**Required action:**
Please restate the data that follows word for word, with the pictures left out.

[Opening Entries supplied section]

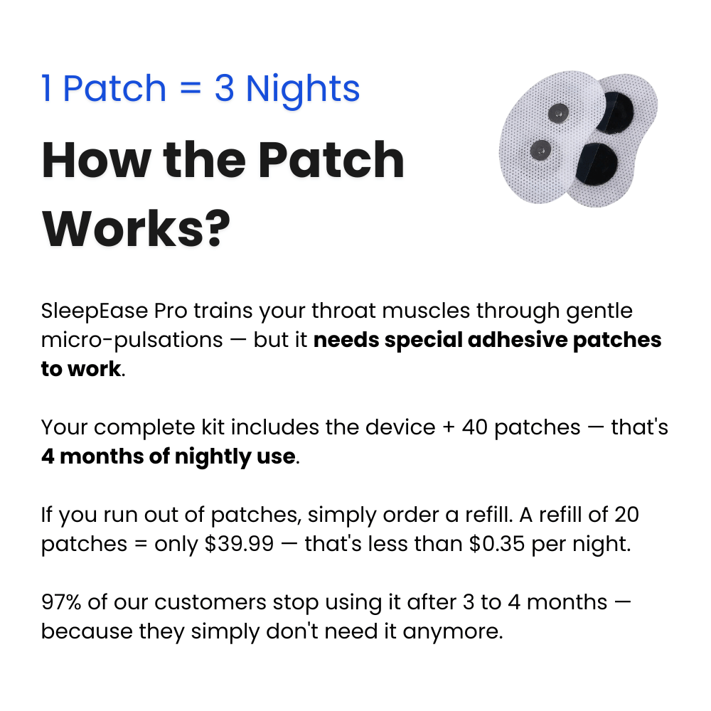 Your SleepEase Pro Complete Program includes a full 4-month supply to achieve permanent muscle retraining. However, some customers prefer to keep extra patches on hand for:
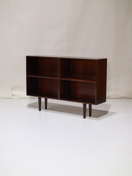 Bella libreria bassa proveniente dalla Danimarca, anni '60. Questa libreria aperta è realizzata in legno di palissandro. I due ripiani sono regolabili in altezza.
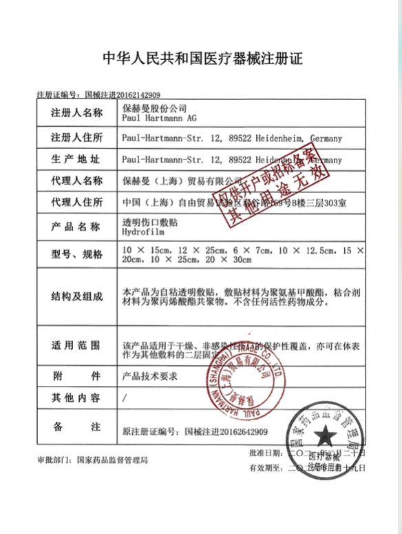 - 透明自粘薄膜敷料。由半通透的聚氨酯薄膜制成,防水抗菌低致敏,移去時無痛、無殘余。
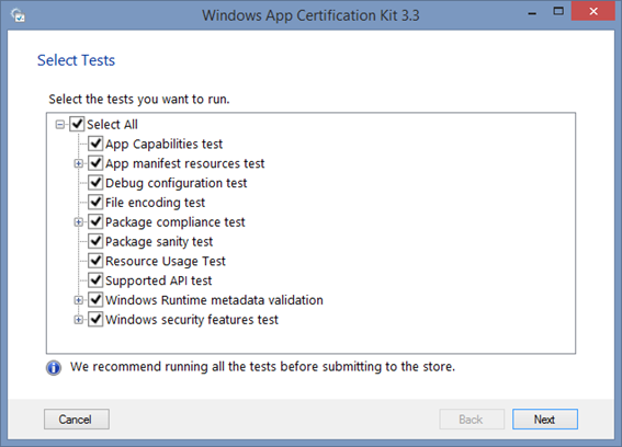 Windows App Certification Kit is an automatic process to verify if the app is okay and it allows selecting which test we want to run. In general, we should select all!
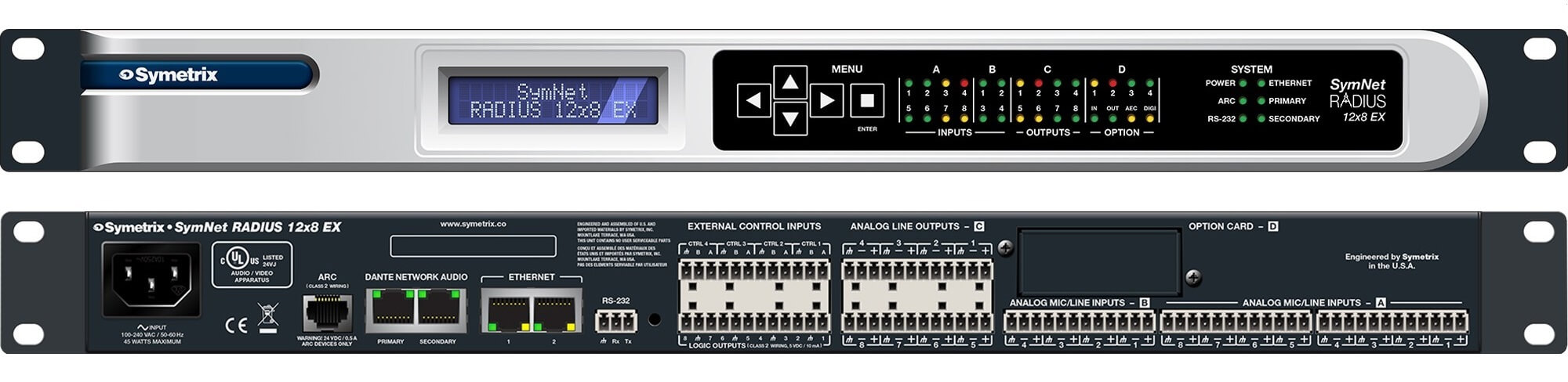 - O Radius 12x8 EX é um processador digital de sinais de áudo, com um slot para cartão opcional, que pode ser de entrada ou saída, configurável, por meio de blocos funcionais

[Closing Entries supplied section]

**Expected output:**
 Your SleepEase Pro Complete Program includes a full 4-month supply to achieve permanent muscle retraining. However, some customers prefer to keep extra patches on hand for:
 Bella libreria bassa proveniente dalla Danimarca, anni '60. Questa libreria aperta è realizzata in legno di palissandro. I due ripiani sono regolabili in altezza.
 - 透明自粘薄膜敷料。由半通透的聚氨酯薄膜制成,防水抗菌低致敏,移去時無痛、無殘余。
 Windows App Certification Kit is an automatic process to verify if the app is okay and it allows selecting which test we want to run. In general, we should select all!
 - O Radius 12x8 EX é um processador digital de sinais de áudo, com um slot para cartão opcional, que pode ser de entrada ou saída, configurável, por meio de blocos funcionais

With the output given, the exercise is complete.